The offeror is free to make the tender offer subject to merger control clearance and approval by the CMB.

The offeror is, in principle, free to determine the price and the form of consideration offered to the minority shareholders (absent any pre-existing controlling interest in the target).

The offer price may be paid in cash, listed securities or a combination of both. However, a seller must approve the payments in securities in order for the offeror to pay the seller in listed securities either partially or fully. There is no minimum price specifically set out under the Tender Offer Communiqué. Payment for the shares acquired via a tender offer must be made by the business day following the sale of the shares.

The offeror is entitled to increase the VTO price or extend the scope of the VTO in case a partial offer is made. In this case, the difference between the newly determined VTO price and the former VTO price must be paid to investors who have already accepted the VTO, within two business days.

The minority shareholders may opt out of accepting the VTO if the offeror increases the number of the shares subject to its offer.

The offeror is entitled to withdraw the tender offer up until the offer's launch and third parties are entitled to initiate a competitive offer, i.e., a competitive bid, during a VTO.

4.3 Mandatory public takeover bid

The obligation to launch an MTO is triggered as soon as a person or group of persons acting in concert acquires the management control of a public company.

The obligation to launch an MTO is not triggered if:

  • the management control is acquired as a result of a voluntary tender offer made in respect of all shares of the target;
  • in case the management control is acquired through an agreement without acquiring any shares, the agreement is approved by the general assembly and the shareholders voting against the agreement are granted with a right to sell their shares to the company;
  • the shareholding percentage of the shareholder holding the management control falls below 50% and then exceeds 50% again before the management control is acquired by a third party;
  • the voting rights enabling the management control are transferred between persons acting in concert;
  • an acquirer acquires 50% or less of the voting rights from a controlling shareholder, and agrees to share the control with the (former) controlling shareholder by means of an agreement;
  • change in the management control also triggers squeeze-out and sell-out rights;
  • an existing shareholder acquires the management control as a result of the exercise of pre-emption right at a rights issue; or
  • an unintended change in the management control occurs as a result of events beyond the control of the shareholder acquiring the management control, such as the suspension of voting rights of other shareholders, share redemptions due to capital decrease, amendments to the privileges assigned to the shares and share buybacks by the public company.

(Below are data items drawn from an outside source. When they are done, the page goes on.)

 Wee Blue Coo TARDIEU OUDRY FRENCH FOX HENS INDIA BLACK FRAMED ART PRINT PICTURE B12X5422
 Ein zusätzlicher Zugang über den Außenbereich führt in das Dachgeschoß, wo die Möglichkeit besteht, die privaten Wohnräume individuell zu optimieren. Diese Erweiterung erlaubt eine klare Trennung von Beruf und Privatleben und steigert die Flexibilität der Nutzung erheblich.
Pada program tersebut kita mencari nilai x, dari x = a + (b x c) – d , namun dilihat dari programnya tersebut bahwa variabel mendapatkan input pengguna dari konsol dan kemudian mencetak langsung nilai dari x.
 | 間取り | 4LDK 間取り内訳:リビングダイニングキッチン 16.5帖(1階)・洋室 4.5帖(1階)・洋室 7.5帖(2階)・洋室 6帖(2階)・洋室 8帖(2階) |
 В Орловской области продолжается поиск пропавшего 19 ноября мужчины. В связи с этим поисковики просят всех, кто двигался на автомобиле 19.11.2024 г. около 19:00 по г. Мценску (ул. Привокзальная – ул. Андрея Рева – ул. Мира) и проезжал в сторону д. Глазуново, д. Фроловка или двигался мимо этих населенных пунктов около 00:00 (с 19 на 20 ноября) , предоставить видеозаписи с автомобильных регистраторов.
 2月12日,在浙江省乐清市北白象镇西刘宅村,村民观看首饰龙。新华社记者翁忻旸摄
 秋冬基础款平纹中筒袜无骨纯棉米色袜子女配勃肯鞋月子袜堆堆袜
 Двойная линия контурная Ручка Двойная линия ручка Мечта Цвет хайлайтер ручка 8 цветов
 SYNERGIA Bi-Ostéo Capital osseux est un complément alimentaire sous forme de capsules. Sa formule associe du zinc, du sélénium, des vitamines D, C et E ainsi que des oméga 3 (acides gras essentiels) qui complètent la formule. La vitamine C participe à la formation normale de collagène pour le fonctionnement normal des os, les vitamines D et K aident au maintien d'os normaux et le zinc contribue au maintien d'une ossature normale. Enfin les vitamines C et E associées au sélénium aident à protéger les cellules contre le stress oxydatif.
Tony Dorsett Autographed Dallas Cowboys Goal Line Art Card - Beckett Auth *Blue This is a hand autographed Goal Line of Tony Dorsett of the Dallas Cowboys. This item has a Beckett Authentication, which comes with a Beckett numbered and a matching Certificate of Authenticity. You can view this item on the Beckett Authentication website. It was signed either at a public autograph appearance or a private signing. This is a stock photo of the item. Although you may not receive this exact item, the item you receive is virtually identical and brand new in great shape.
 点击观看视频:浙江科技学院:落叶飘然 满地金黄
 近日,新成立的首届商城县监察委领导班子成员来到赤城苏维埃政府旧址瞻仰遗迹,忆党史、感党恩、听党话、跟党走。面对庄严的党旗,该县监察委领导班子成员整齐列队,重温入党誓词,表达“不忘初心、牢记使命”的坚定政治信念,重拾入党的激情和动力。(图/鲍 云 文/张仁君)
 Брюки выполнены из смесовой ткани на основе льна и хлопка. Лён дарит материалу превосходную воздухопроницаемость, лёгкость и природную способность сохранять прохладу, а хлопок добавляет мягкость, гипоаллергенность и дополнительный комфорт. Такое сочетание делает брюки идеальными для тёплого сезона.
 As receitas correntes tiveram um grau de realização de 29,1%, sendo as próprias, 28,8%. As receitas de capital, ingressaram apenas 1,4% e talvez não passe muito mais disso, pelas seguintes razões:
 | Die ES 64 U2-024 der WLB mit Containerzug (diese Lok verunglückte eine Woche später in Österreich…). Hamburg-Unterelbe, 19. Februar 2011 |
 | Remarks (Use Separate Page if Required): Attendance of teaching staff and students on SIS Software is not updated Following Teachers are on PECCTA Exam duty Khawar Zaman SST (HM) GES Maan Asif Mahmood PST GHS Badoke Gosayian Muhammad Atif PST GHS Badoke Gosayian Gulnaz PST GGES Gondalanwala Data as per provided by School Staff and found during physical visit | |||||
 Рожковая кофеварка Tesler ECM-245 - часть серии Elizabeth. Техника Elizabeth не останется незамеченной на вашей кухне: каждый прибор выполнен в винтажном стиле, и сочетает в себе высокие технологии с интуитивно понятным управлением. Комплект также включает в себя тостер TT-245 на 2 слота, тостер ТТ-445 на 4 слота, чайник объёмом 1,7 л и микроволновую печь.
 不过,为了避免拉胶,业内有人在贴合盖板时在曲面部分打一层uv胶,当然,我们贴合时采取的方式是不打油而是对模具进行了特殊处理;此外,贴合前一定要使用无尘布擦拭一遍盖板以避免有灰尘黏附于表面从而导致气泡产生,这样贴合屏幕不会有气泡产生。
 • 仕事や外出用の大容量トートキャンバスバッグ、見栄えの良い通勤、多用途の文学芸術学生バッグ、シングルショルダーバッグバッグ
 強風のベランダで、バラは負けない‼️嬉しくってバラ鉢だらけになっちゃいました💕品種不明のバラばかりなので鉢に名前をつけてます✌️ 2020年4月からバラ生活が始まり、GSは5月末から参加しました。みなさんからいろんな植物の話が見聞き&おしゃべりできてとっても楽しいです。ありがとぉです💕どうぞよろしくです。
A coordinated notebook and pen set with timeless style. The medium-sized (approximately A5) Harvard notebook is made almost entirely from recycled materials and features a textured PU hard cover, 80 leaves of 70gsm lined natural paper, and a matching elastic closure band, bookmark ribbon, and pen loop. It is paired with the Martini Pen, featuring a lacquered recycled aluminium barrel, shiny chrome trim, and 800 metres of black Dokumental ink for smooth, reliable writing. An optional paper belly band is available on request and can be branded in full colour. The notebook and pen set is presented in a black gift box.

The obligation to launch an MTO may be exempted by the CMB upon request by the acquirer, filed within six business days following the triggering of an MTO, in cases of:

  • acquisition of the shares or voting rights of a company as a change in its capital structure, required to strengthen the financial structure of such company under financial distress (in this case, the CMB shall investigate whether new funds are transferred to the company or whether the capital structure change is actually required);
  • selling out the part of the shares required for the mandatory tender offer or filing a written undertaking to sell out the shares within a reasonable time determined by the CMB, provided that the rights regarding the company's shares are not used in any general assembly meeting after acquiring the management control or no changes are made in the company's board of directors;
  • the change of control of the management in the parent company of the target, but not for the purpose of gaining control of the company's management. While identifying whether this condition exists, the CMB will assess certain conditions, including whether the target's contribution to the total assets of the parent company exceeds 10% as stated in the parent company's financial statements or whether the target is material to the operating volume of the parent company;
  • a sale of shares in public companies that are owned by the government (or governmental entities, bodies and agencies) under a privatization transaction; and
  • the change of control of the management of the company as a result of a merger where the surviving entity is a special purpose acquisition company (birleşme amaçlı ortaklık), provided that the shares owned by the shareholders who voted against the merger transaction in the general assembly meeting where the merger transaction is approved will be purchased in line with the principles and procedures set out in the prospectus prepared for the public offering.
  • facilities extended by banks:
  • A bank seizes the ownership of the pledged shares as part of an enforcement action upon default.
  • The pledged shares are acquired by a special purpose vehicle ("SPV") founded by a bank as part of the enforcement action upon default.
  • A bank or SPV, following their seizure, sells the pledged shares to a third party as part of the enforcement action upon default.
  • The shares are transferred to satisfy the requirements of laws or regulations that set forth certain criteria to become shareholders.
  • transfer of shares in order to observe a legislative provision determining the qualifications of a shareholder.
  • the change of management control of the public company results from inheritance or the allocation of matrimonial property or other legal obligations. 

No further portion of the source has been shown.